Dilated Cardiomyopathy

on 23.1.08 with 0 comments



Dilated cardiomyopathy: is the commonest (90%) of the cardiomyopathies (‘heart muscle disease of unknown cause’); characterised by hypertrophy and dilatation of all four chambers of the heart. This condition may occur at any age as slow, progressive CHF.


Aetiology: although the cause in a specific case is unknown, certain pathogenetic pathways are suspected to contribute in many cases:

  • Genetic defect: in ~20% cases there seems to be a degree of familial incidence

  • Alcohol toxicity: attributable possibly to direct toxicity of alcohol or a metabolite (esp. acetaldehyde)

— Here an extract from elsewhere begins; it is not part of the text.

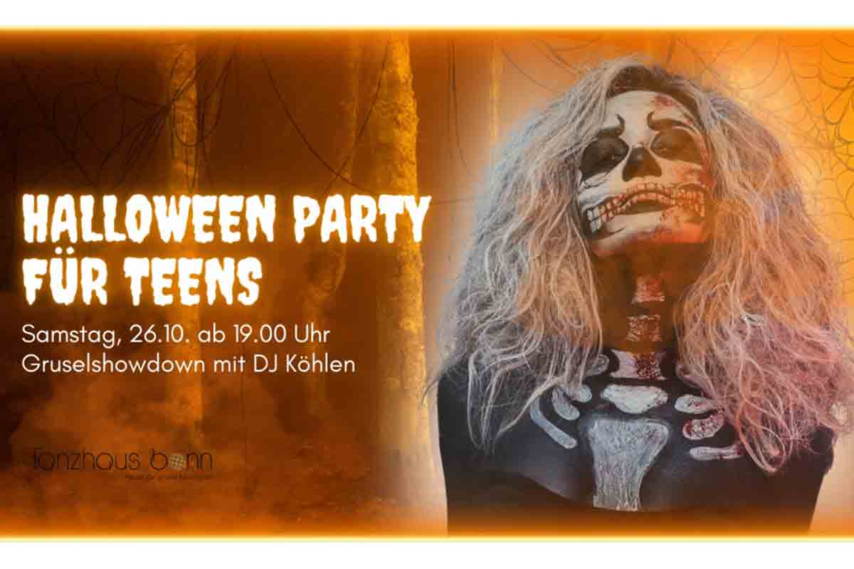 Bonn. Samstag, 26.10.2024, 19-22 Uhr. DJ Köhlen sorgt für gruselige Musik, Animation und Horrorfeeling! Mindestalter: 14 Jahre. Vorverkauf bis 24.10.24: 6,00 €; Ab 25.10.24: 10,00 €. Tanzhaus Bonn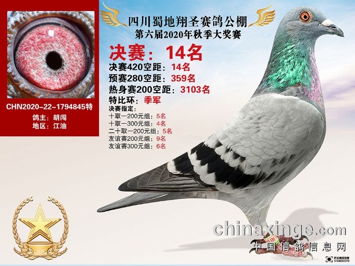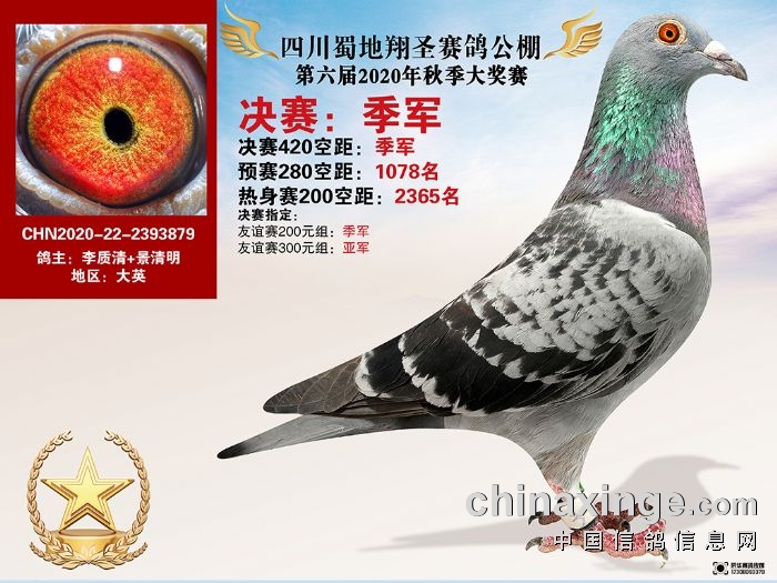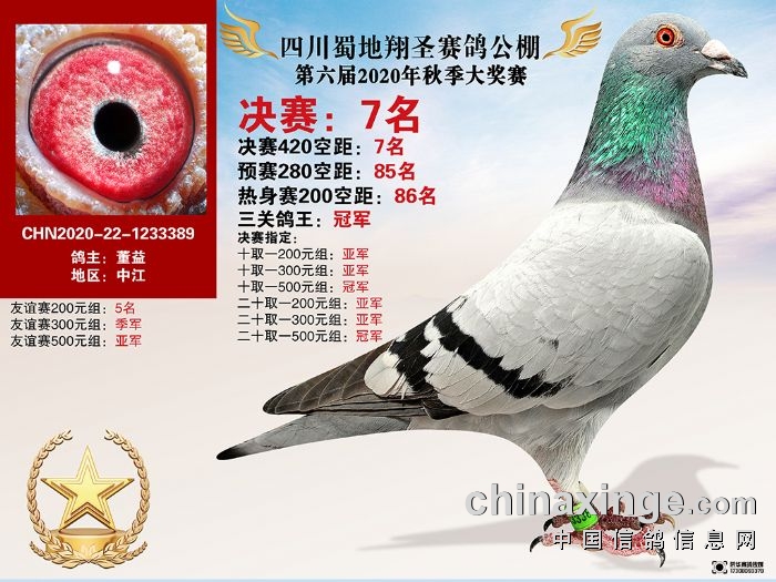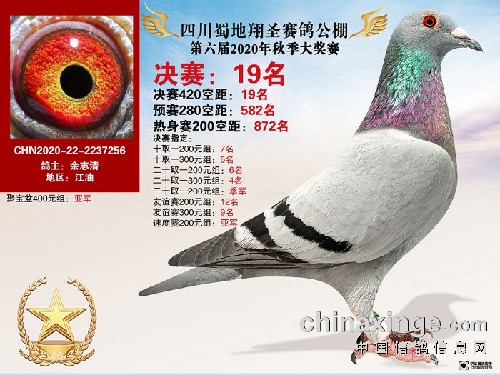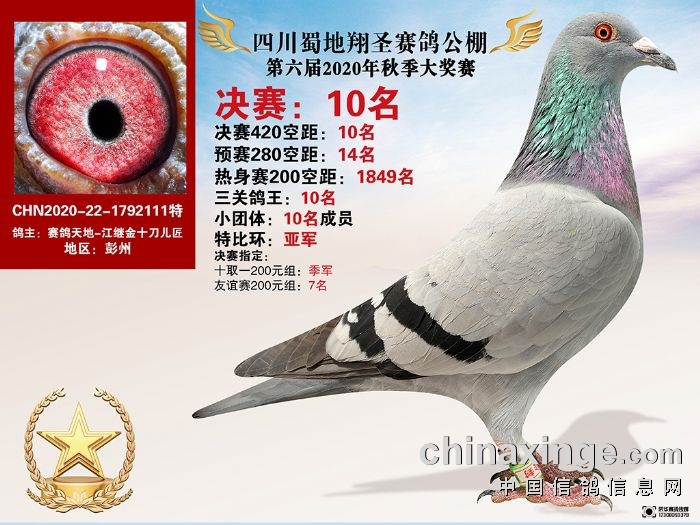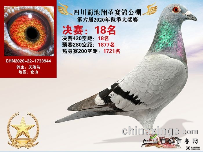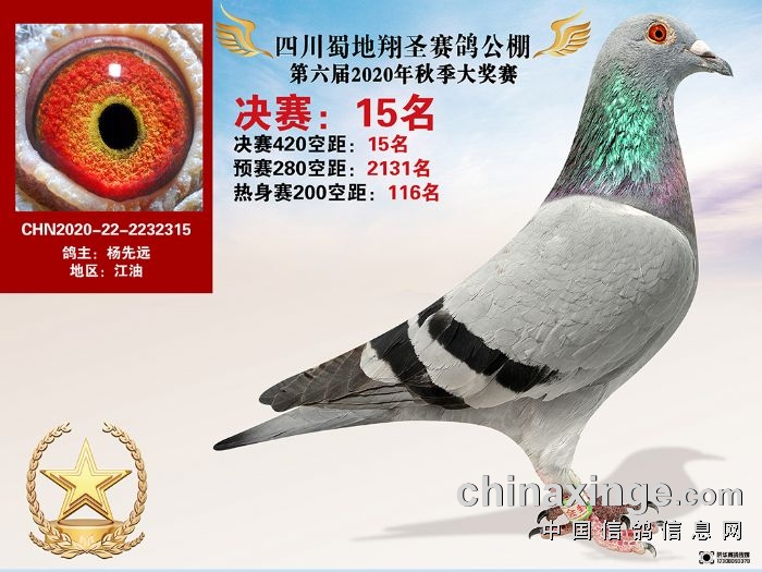 四川蜀地翔圣赛鸽公棚第六届决赛1-20名获奖鸽欣赏

  • Peripartum cardiomyopathy: designation given to a globally dilated heart discovered within several months before or after delivery

  • Postviral myocarditis: occasional cases in which endomyocardial biopsy specimens have documented the progression of myocarditis to dilated cardiomyopathy

Others include nutritional deficiency (e.g. thiamine) and some chemotherapeutic agents (e.g. Adriamycin); these causes all give a similar disease pattern.

Morphology:


Grossly the heart may show:

  • Cardiomegaly (up to 3 normal)

  • Heart is dilated and flabby

  • Poor contractile function and stasis can lead to mural thrombi

  • Patchy fibrous scarring of myocardium and endocardium.


Histologically the heart may show:

  • 25% have no significant alterations

  • The remainder have diffuse myocyte hypertrophy and variable interstitial myocardial fibrosis


Clinical features:


The disease is characterised by forward failure with reduced cardiac output. There may be mitral incompetence which is due to dilatation of the left ventricle.


Death from progressive heart failure is likely to occur within a year or two (only ~ 25% of patients survive beyond 5 years) unless heart transplantation is performed.